The share of the top 1% continued to be higher in South Africa in the post-war period. By the end of the 1970s, the shares had fallen to between 5 and 8% in the other countries, but in South Africa the share remained stubbornly at 10% or above. Subsequently, the gap began to narrow, as the top shares increased in the Anglo-Saxon countries after 1981, but South Africa is now tended in the same direction. The top share today is higher than in the UK and Canada, and much higher than in Australia and New Zealand. At some 20–25%, the top share in South Africa (Fig. 2) is essentially the same as in the United States. The initial differences, with South Africa having high top shares, appear to have been a persistent feature. In contrast, studying in detail at the series produced for these countries, it can be concluded that the distribution within the top 1% appears less concentrated in South Africa.

5.2 Apartheid

How much of this long-run difference can be attributed to the impact of racial differences? One major factor influencing the South African distribution of income is the racial composition of the population. From 1956 to 1987, the South African income tax statistics are published with a classification by race: white, Coloured, Asian and African (the latter not included for all years). For these years, we can see the make-up of the top income groups in Appendix Table 11.

We can consider the distribution for South Africa just among the white population. Appendix Table 12 shows estimates for the period 1956 to 1987, while for the years before 1955 (when the classification by race is not given) we take all taxpayers as being white. The orders of magnitude are clear from the following calculation. In 1956, the overall share of the top 1% was 17%. Since at the time the white population represented 20% of all tax units and constituted the vast majority of the top income recipients, this corresponded to approximately the share of the top 5% of the white population.
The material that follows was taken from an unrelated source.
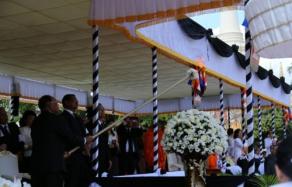 我国高官显要、外国官员与使节等参与送殡和火化仪式,包括柬国会主席韩桑林、参议院主席赛冲、洪森总理及夫人、印度尼西亚副总统莫哈末与夫人、泰国副总理兼外交部长塔纳萨、柬国会议员、参议员、政府各部门代表。

Such an income share (17% cent for the top 5%, as Appendix Table 12 shows) would have placed them at that time well below the share recorded in 1956 in New Zealand (23.5%). Figure 4 also shows the share of the top 1% in South Africa among the whites. Therefore, tax data reveals a striking fact: income concentration has historically been rather similar (and even lower) within the white population in South Africa and within the total population in Australia, New Zealand or the UK.

In the mid-1950s, the top income groups were overwhelmingly white. In 1956, the top 5% consisted of 325,400 tax units, of whom 320,000 (98%) were white, 3700 were Asian, 1400 were Coloured, and 160 (0.05%) were classified as African (the term used in the official publication is “Bantu”). The composition did shift over the following thirty years: in 1987 the top 5% consisted of 782,000 tax units, of whom 708,000 were white, 24,300 were Asian, 30,300 were coloured and 19,200 were African (2.5%). The proportionate increase for Africans was large, by a factor of 120. This raises the question as to how this was possible during the apartheid era, and at a time when the relative incomes of Africans remained unchanged. The estimates of Leibbrandt et al. show that in 1956 the average per capita income of Africans was 8.6% of that for whites, and in 1987 the figure was virtually the same (8.5%) (2010, Table 1.1); over the same period, the relative per capita incomes of Asians went from 21.9 to 30.2%. The proportionate increase may have been large, but the actual numbers of non-whites was still small. Top incomes at the end of the 1980s remained highly concentrated by race: in 1987, whites were 90.6% of the top 5%, 96.7% of the top 1% and 97.5% of the top 0.1%. The last of these figures means that of the 15,600 tax units in this group, which began at about 100,000 rand per year, only some 400 were non-white. There was only limited change in the degree of dominance of the white population in the upper income groups over this period, as may be seen from Fig. 5.

Fig. 5
figure 5

Top 5% and Top 1% income shares by ethnic origin, South Africa 1956–1987. Source: Tables 5 and 11

What did top African taxpayers do? In 1965 (from the Report of the Secretary for Inland Revenue for the year 1966–67, Table 16), for example, there were 6100 African taxpayers in total (with positive incomes). Three-quarters (75.4%) received their income from employment; 13.2% were engaged in retail trade; and 8.0% had income from investments as their main source (largely interest). Of those African taxpayers in employment, 41% worked for state, provincial or local government, 24% in manufacturing or construction and 21% in services other than government. Therefore, high-pay government employment played a crucial role as income source for Africans at the upper end of the distribution.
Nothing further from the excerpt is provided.